Many data providers still think of data delivery in terms of the classic web search model: external search engines crawl the web site and then answer queries from end-users. Certainly that is one of the underlying philosophy behind schema.org and rdfa: make each webpage easier to parse semantically by search engines so that they can answer queries or aggregate information accurately. This approach makes sense in terms of a general information retrieval engine but if your content is a niche, a consumer grade search engine is unlikely to support you or your users. The query language is likely to be 'human friendly' which means the results will be tweaked to the search engines preference instead of your own specific request. Content people tend to think in terms of "The Document" being an html page while data people tend to think of the individual nodes within the RDF as the document. Not all data out there fits the "One Node, One Document, One HTML Page" paradigm. You can make the two ideas co-exists, just be aware that some webpages will get indexed that will look a bit odd.

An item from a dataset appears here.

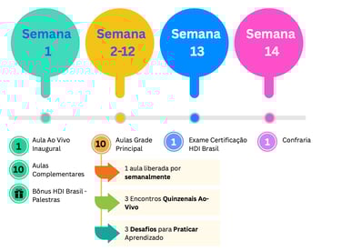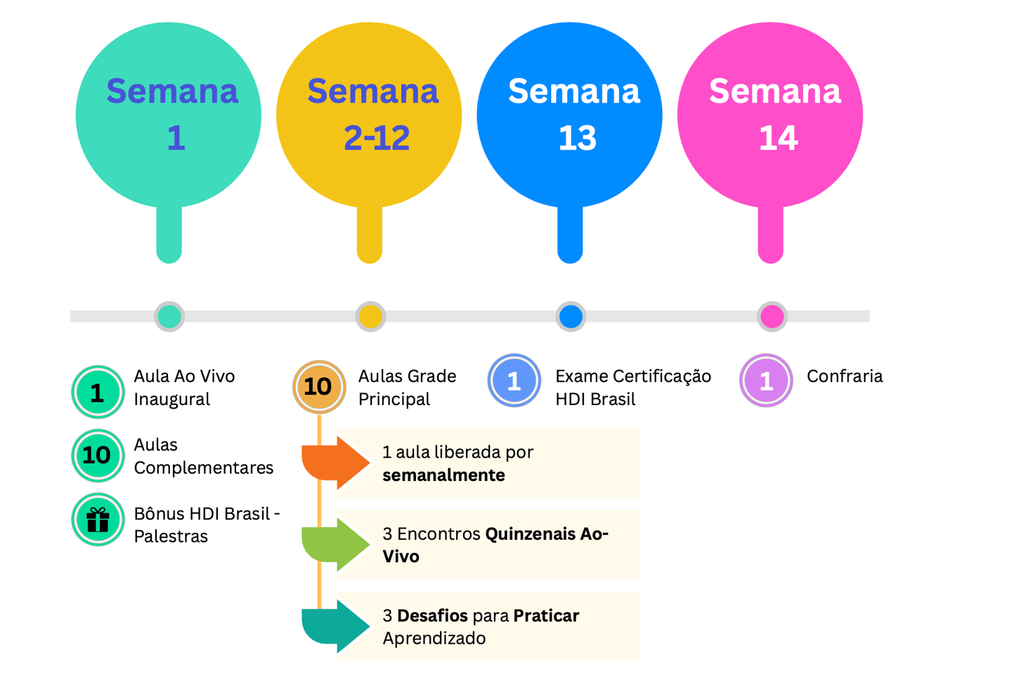 Sua jornada de aprendizagem combina três tipos de aulas. Grade Principal, Complementar e palestras bônus do HDI Brasil. Combinadas, elas te ajudaram a transformar teoria em visão estratégica, técnica em liderança inspiradora, e ideias em impacto real.

Another approach to data delivery is the data dump where you make the entirety of your data downloadable from a link on your site. This works especially well for data that is stable or only periodically updated. Of course, if your users only need one item out of the entire site, they are downloading a lot of data for no other reason than to search for it. If your dataset is extremely popular, your bandwidth utilization will go up. 

Erik Mill writes in an Oct 2, 2013 blog post that Government APIs Aren't A Backup Plan, his point being that as the US government shutdown most of the data APIs provided by it were likely to be offline and thus data dumps were the only way of ensuring appropriate retention of the data. This is obviously a problem if there exists only one source for the data, it has a danger of disappearing and there exists only one copy on the website. 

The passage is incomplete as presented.